James Hampton’s Throne of the Third Heaven of the Nation’s Millennium General Assembly, created around 1950-1964, in the collection of the Smithsonian American Art Museum.
Wisconsin
Sid Boyum house, 237 Waubesa St., Madison, Wisconsin. Boyum, who helped create the House on the Rock, died in 1991. His house had been sold right before my visit in 2018, and the sculptures and structures in the backyard were reportedly moved elsewhere.
Nick Engelbert’s Grandview at Hollandale, Wisconsin.
Tom “Dr. Evermor” Every’s “Forevertron” off Highway 12 in Sauk County, Wisconsin, outside Baraboo. Every, who also helped create the House on the Rock, died in 2020 at age 81.

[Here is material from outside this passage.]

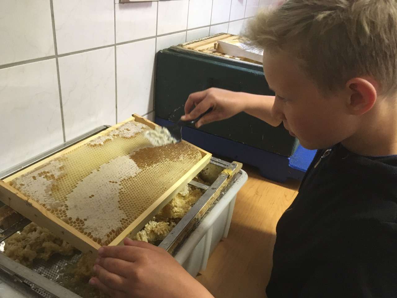 Auf diesem Bild sind wir bei Bernd in der Honigküche. Wir haben selbst noch keine eigene Schleuder und dürfen immer seine mitbenutzen. Er ist der Imker in unserem Dorf. Ich entdeckle gerade die Honigw...

Mary Nohl’s home at Fox Point, Wisconsin. “Some people refer to me as a witch. I like that the best of all,” Nohl said in Andrea Lotscher’s documentary video “Mary Nohl: The Witch of Fox Point” from around 2000. She embraced it by embedding black pebbles in her doorstep to spell out the word “Boo.” But it wasn’t as simple as that. The rumors also stung. Nohl asserted in a 1996 interview that being called a witch was evidence of prejudice against “women who use tools.”
Carl Peterson sculptures at the Kohler Arts Center, Sheboygan, Wisconsin. The Swedish immigrant Carl Peterson filled his garden in St. James, Minnesota, with these sculptures during the first half of the 20th century.
Herman Rusch’s Prairie Moon at Fountain City, Wisconsin.
James Tellen’s woodland sculpture garden at Sheboygan, Wisconsin.
Wegner Grotto by Paul and Matilda Wegner at Sparta, Wisconsin.
Father Mathias Wernerus’s Dickeyville Grotto at Dickeyville, Wisconsin.